Areas of Agreement / Disagreement

Participants demonstrate varying levels of understanding and interpretation of the mathematical concepts involved. While some agree on the basic principles of the expected number of probes, there remains uncertainty and confusion regarding specific values of λ and their implications.

Contextual Notes

Participants note the limitations of their understanding, particularly regarding the conditions under which the formula applies and the implications of different values of λ.

cocoon
Messages
10
Reaction score
0
Hi, I'm reading Data Structures and Algorithm Analysis in Java (Second Edition) and I'm on page 178, if anyone owns the book. I know It's a computer science book and this is a math subforum, but the question is largely a mathematical one involving probability. You just need to understand what a Hash Table is. If you don't feel like reading dense prose, a hash table is basically a large array with a function that maps a key, which is usually a string or an integer, to an address (0 ... arraylength - 1). So it's a modulus function: hash(x) = g(x) \bmod T. T is the length of the array. You simply add T to hash(x) is hash(x) is negative.

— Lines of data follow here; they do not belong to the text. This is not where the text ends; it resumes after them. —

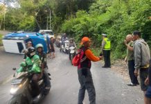 SINGARAJA, BALIPOST.com – Sembilan penumpang truk menjadi korban kecelakaan lalulintas (Lakalantas) akibat out of control (OC) di Jalan Singaraja-Pelapuan, kilometer (KM) 35, wilayah  Desa Pelapuan, Kecamatan Busungbiu, Selasa (14/5). Para penumpang yang merupakan sekaa Kesenian Jegog asal Jembrana itu mengalami luka serius karena truk yang ditumpangi terbalik di lokasi kejadian.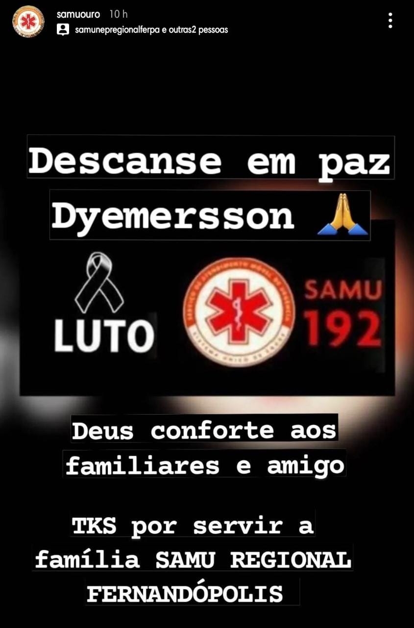 Ele trabalhava no SAMU de Ouroeste (regional Fernandópolis), em uma publicação nas redes sociais amigos e Equipe do SAMU de Ouroeste prestaram homenagens ao homem agradecendo pelos serviços prestados.
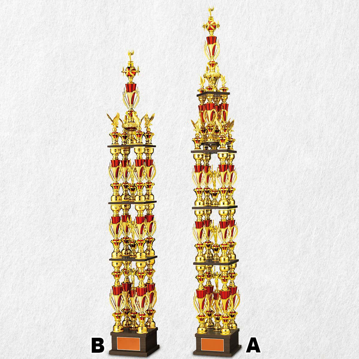 抜群の存在感!4本柱(3本柱)の高さ1m前後のビッグなジャンボトロフィーを集めました。勝利の感動、至福の瞬間をトロフィー手にする人とともに。
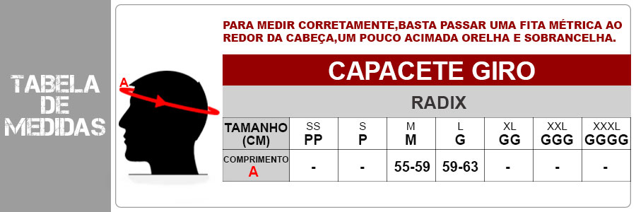 Confira e Compare as Medidas Ideais para o Capacete Giro Radix
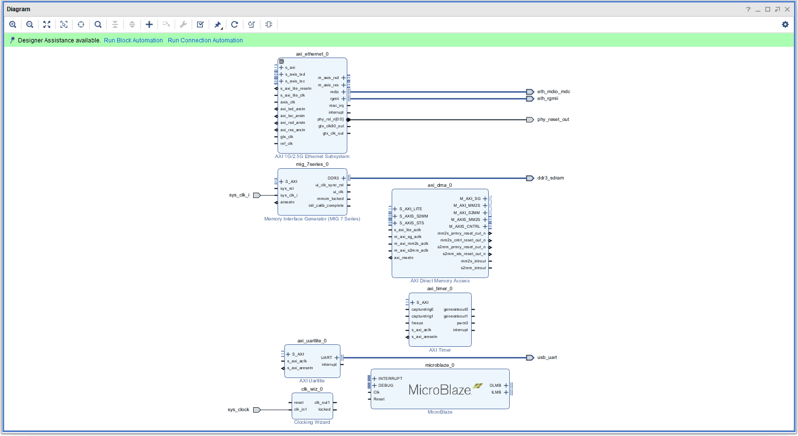 Click “Run Connection Automation”. Select the “All Automation” option and click “OK”. Vivado will automatically add new blocks such as AXI Interrupt Controller and Concat to the design. Ensure that sys_clk_i of Memory Interface Generator is connected to clk_out2.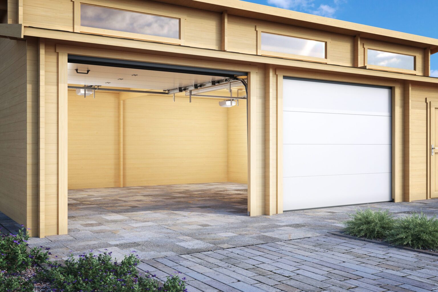 The garage itself is made with 44mm logs and is adequately spaced for two cars car. and has an internal space of 39.4m. The garage does not have a floor and we recommend a re-enforced concrete slab floor or we can fit a probase grid floor. Please discuss the base and floor with our team.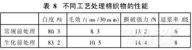 從表8可以看出,與常規(guī)工藝相比,采用連續(xù)式生化前處理工藝,織物的各項(xiàng)指標(biāo)均有提高,毛效提高25%以上,撕破強(qiáng)力提高9%,退漿率提高2級(jí)。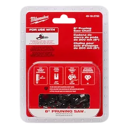 Nuestra cadena de sierra de podar de 8" de MILWAUKEE® se usa con la sierra de podar M18 FUEL™ HATCHET™ de Milwaukee de 8" (3004-20) y la barra de guía para sierra de podar de 8" (49-16-2751). La cadena con máximo número de dientes cuenta con un cortador en cada eslabón de la transmisión, lo cual minimiza la vibración y produce cortes limpios. El diseño ofrece cortes rápidos y minimiza los contragolpes. La cadena de sierra cuenta con un diseño duradero y es resistente al clima para una mayor vida útil.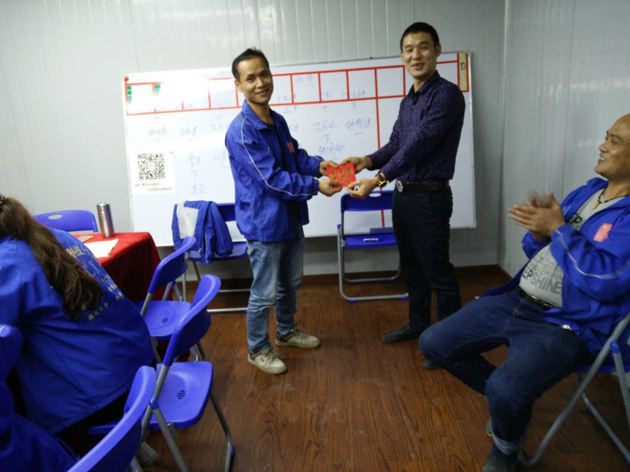 胡總經(jīng)理(右圖)為每月度最佳奉獻獎榮獲者王成建(左圖)頒發(fā)獎金,同時祝賀匯利興家人王成建榮獲雙星(八月、九月)進而也感謝無私奉獻的匯利興家人,感謝他們的辛勤付出,有著每一位匯利興家人的無私奉獻,相信匯利興定會越走越遠。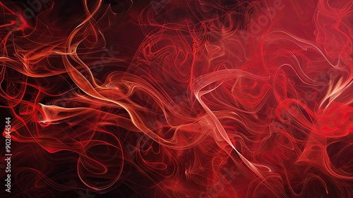 A rich red background with swirling, smoke-like patterns in black, adding a mysterious and enchanting touch.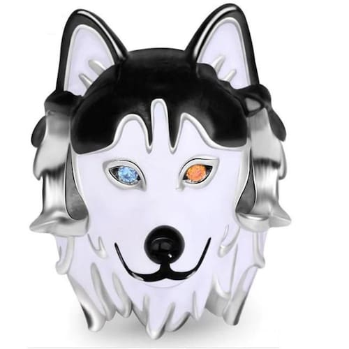 Olha que imponente Os olhos, um de cada cor, marcam bem esta raça, peça esmaltada em branco e preto, traz muita realidade para esta peça. Berloque estilo separador fabricado em Prata 925. Não se engane com materiais folheados e banhados. Acabamento e polimento manuais.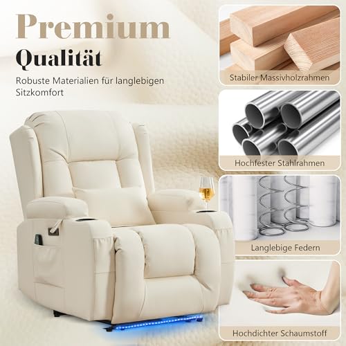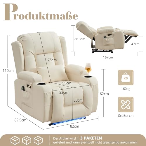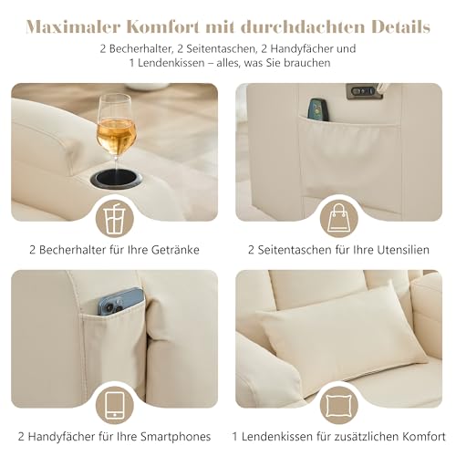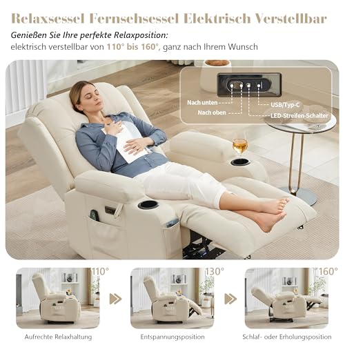 SAMERY Fernsehsessel Elektrisch Verstellbar Relaxsessel mit Liegefunktion,Massagesessel Vibration Heizung,Kunstleder TV Sessel Wohnzimmer Liegesessel Kinosessel 614 mit USB/LED,bis 150 kg (3, Beige)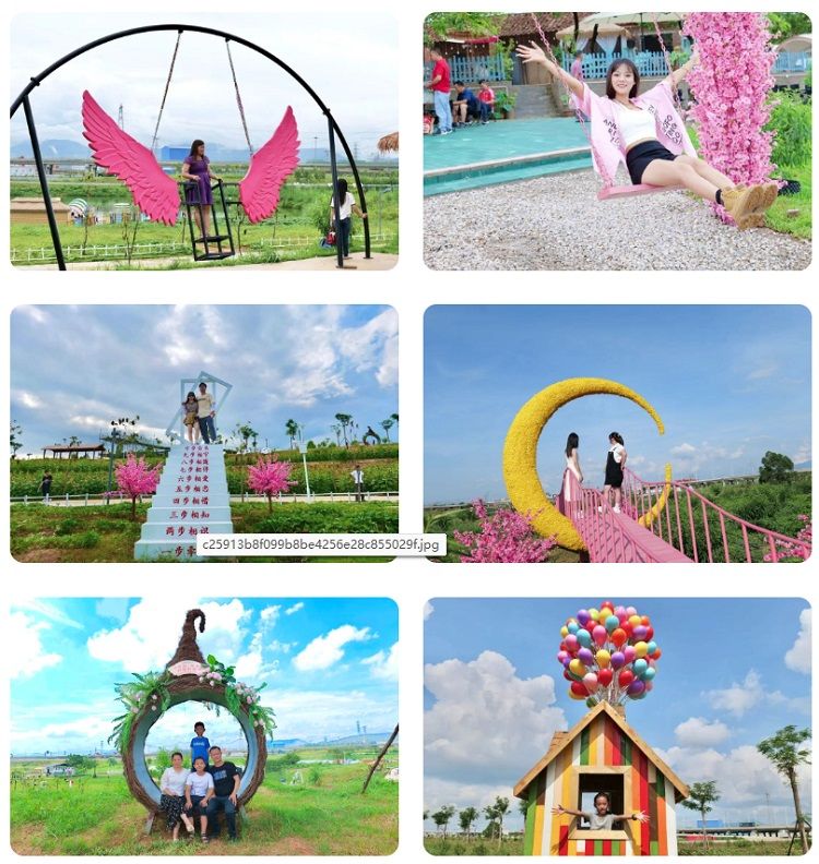 园内有很多的打卡点拍照,有爱情天梯、幸福月亮桥、浪漫气球木屋、鸟巢、雨伞树、桃花秋千、相框、天使翅膀秋千等16个网红打卡点,您可以在此慢慢走、慢慢看、慢慢拍每一处都不相同,休息好后,可以跟家人朋友散步消消食,拍拍大片。

It's particulars aren't important; just know that I'm talking about a hash table that implements a random probing collision resolution strategy, with a hash function like: hash(x, i) = ( h(x) + f(i) ) \bmod T, f(0) = 0

i represents the i'th probe. If you hash a key and the cell is already filled, then you probe a second time (i = 2), and a third time (i = 3), etc... until you find an empty cell to place x in.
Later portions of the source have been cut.